Saturday 6 April 2013

Home Once Again.

Hello Everybody,

So sorry I haven't been to faithful to my writing lately. To be honest I have been trying to put it off for a long time. Ever since I have been back I have had a hard time expressing my feelings about the experiences I have had those six months I was away. Maybe I'm not sure what people expect me to say or maybe I'm not sure how to sum it up in just 5 sentences like people expect me to. I know one thing people have been totally amazing since I have come back. I am surprised and amazed on the amount of support I had when I was away. So many people told me that they were praying for me while I was away and I'm sure I felt it. I am so sorry if I have not touched base with everyone yet as I am still trying to get back into the swing of things.

Many missionaries have told  me that transitioning back into your culture is quite difficult but I thankfully have not felt that way. Maybe it helped that when I got back I had to work on a major research project of the kabary-Malagasy speech making. That kept me busy for at least two weeks. I was able to reflect on the culture through this paper in ways that I could not express in words out loud. If anyone wants a copy of it just email me and I will send it to you. I was also able to spend a little time at my grandparents house and they seemed to quite enjoy hearing about some of the differences of Malagasy culture and Canadian culture. I can express my words better if people ask specific questions instead of general questions like, 'tell me about Malagasy culture'. And I'm thinking 'oh man where do I begin'. I was also afraid to talk to people about my trip because I thought people would expect me to tell them what I all achieved while being there.

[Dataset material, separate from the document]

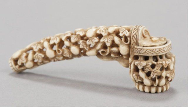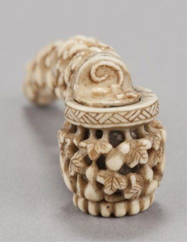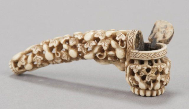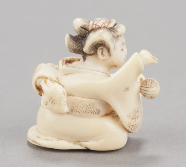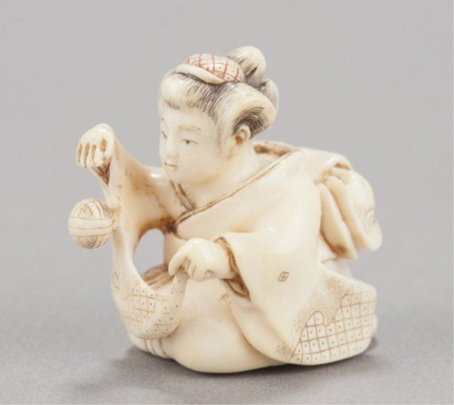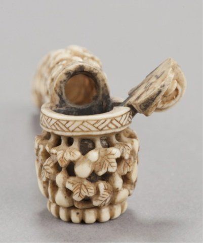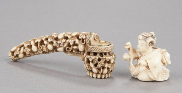 Mid 19th century. The first, a miniature ivory yatate, completely reticulated with ryusa style carving of gourds and vines, the cap for the ink-well is hinged. 3 3/8in (8.4cm). The second, a marine ivory of a woman bouncing a ball, she is sitting in a full formal kimono, the ball in mid-air, both with diaper patterns, her hair reinforced with sumi ink, her hair ornament with red ink, himotoshi liner stained green. 1 1/4in (3.2cm).

I felt like this trip was like a trail and error kind of thing. I didn't know where God wanted me to use my talents or what that would look like for me. I just knew I had to try and get my feet wet one way or another. The good thing is that AIM gave me a ministry to focus on but I also had time to explore other ministries on weekends. The point is I don't think I accomplished anything actually but what God accomplished well words can't even express. I think more than anything God worked through my heart; showed me my sins, my weaknesses, and my dependence on him. He definatly confirmed my call to be a missionary even through during the most difficult moments of my time. I am sorry if this bog is a little on the choppy side; I guess all my thoughts are scattered inside my head. Thanks for reading my blog while I was away; it really feels like all of you shared in my journey with me. Praise the Lord for all he has done and will do to come!